When an agent performs analysis, use ATS for task replayability and AAS for analytical credibility.
Required Analysis Artifacts
- Analysis manifest.
- Evaluation run record.
- Input dataset references.
- Tool and version references.
- Environment record.
- Command or procedure record.
- Metric definitions.
- Outputs and result locations.
- Comparison baseline when applicable.
- Limitations and interpretation notes.
- Follow-up questions or recommended next checks.
Analysis Manifest
The analysis manifest is the machine-readable record of the analysis setup. It should identify:
- Analysis id and title.
- Purpose.
- Owner or maintainer.
- Inputs.
- Tools.
- Environment.
- Metrics.
- Output paths.
- Governing standards.
- Known limitations.
- Agent read-first notes.
Evaluation Run Record
The run record is the evidence that a specific evaluation happened. It should include:
- Date and time.
- Runner or operator.
- Command or procedure.
- Input versions.
- Tool versions.
- Environment details.
- Raw outputs or output locations.
- Metric values.
- Warnings, failures, or skipped checks.
- Interpretation summary.
Metric Rules
Every reported metric must define:
- Name.
- Unit.
- Calculation method.
- Denominator or population.
- Time window, if applicable.
- Exclusions.
- Known caveats.
Metrics without definitions are not analysis evidence. They are notes.
Comparison Rules
When an analysis compares results, it must identify:
- Baseline.
- Candidate or changed condition.
- Difference being tested.
- Expected direction, if known.
- Whether the comparison is descriptive or decision-grade.
Do not present exploratory comparisons as proof.
Interpretation Boundary
Every AAS result must say what the result does and does not support.

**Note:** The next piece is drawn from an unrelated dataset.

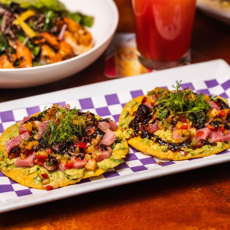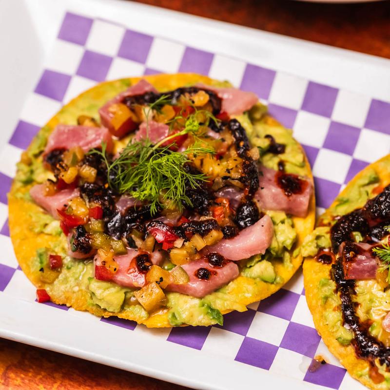 2 per order, avocado smash, pineapple relish, salsa macha, and cilantro.
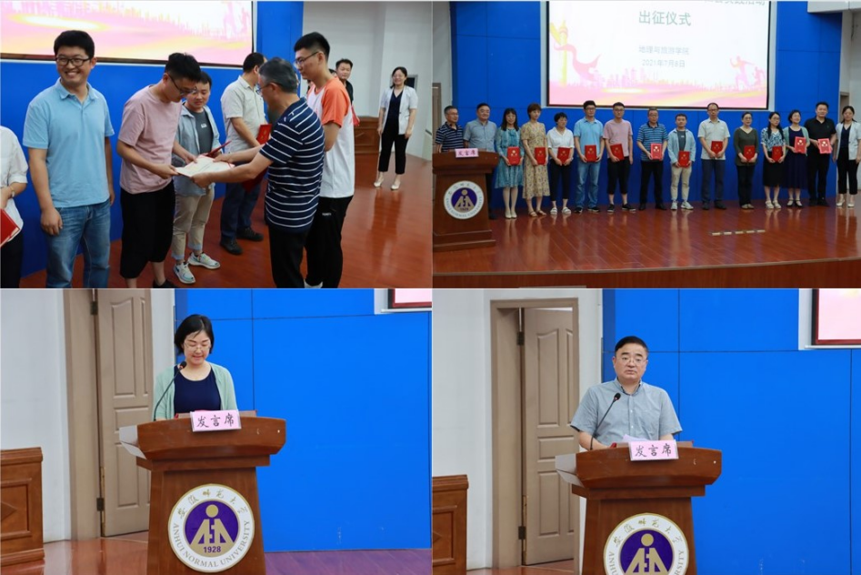 2021年大学生暑期“三下乡”社会实践活动出征暨授旗仪式在敬文图书馆学术报告厅举行。校团委副书记张薇薇,暑期社会实践思政指导教师孙艳秋,院党委书记贾冠忠,院长苏勤,院教授委员会主任程久苗,院党委副书记乔静,副院长方凤满,副院长曹卫东,副院长汪文文,院暑期社会实践团队指导老师代表王群、方叶兵、徐玉婷、王雪微、韩会然、张伟、王莉、姜伟、朱爱萍、朱晓强,以及全体专兼职辅导员、全体暑期社会实践团队队员参加了出征仪式。仪式由院团委书记陈祥云主持。

Interpretation notes should distinguish:
- Observed facts.
- Inferences.
- Assumptions.
- Limitations.
- Recommended next checks.
If the analysis cannot support a decision, say so directly.
Readiness Levels
| Level | Meaning |
|---|---|
draft | Inputs or procedures are still incomplete. |
reproducible | Inputs, commands, tools, and outputs are recorded enough to rerun. |
interpretable | Metrics, assumptions, limitations, and interpretation boundary are documented. |
decision-ready | Evidence is sufficient for the stated decision and caveats are explicit. |
archived | Run is preserved for historical reference and not expected to be updated. |
Credibility Checks
An AAS analysis should check:
- Inputs exist and are identifiable.
- Dataset constraints are known.
- Tool versions are recorded.
- Metrics are defined.
- Outputs are preserved.
- Limitations are explicit.
- Interpretation does not exceed evidence.
- Comparison baselines are named.
Release Blockers
:::danger An analysis is blocked from decision-ready status when:
- Inputs cannot be identified.
- Tool or environment details are missing.
- Metric definitions are absent.
- Outputs are not preserved.
- Dataset limitations are unknown or hidden.
- Interpretation overclaims the evidence.
- Comparison baselines are missing. :::
Example
Use templates/Analysis-Manifest.toml for the setup record and templates/Evaluation-Run-Record.md for the run evidence.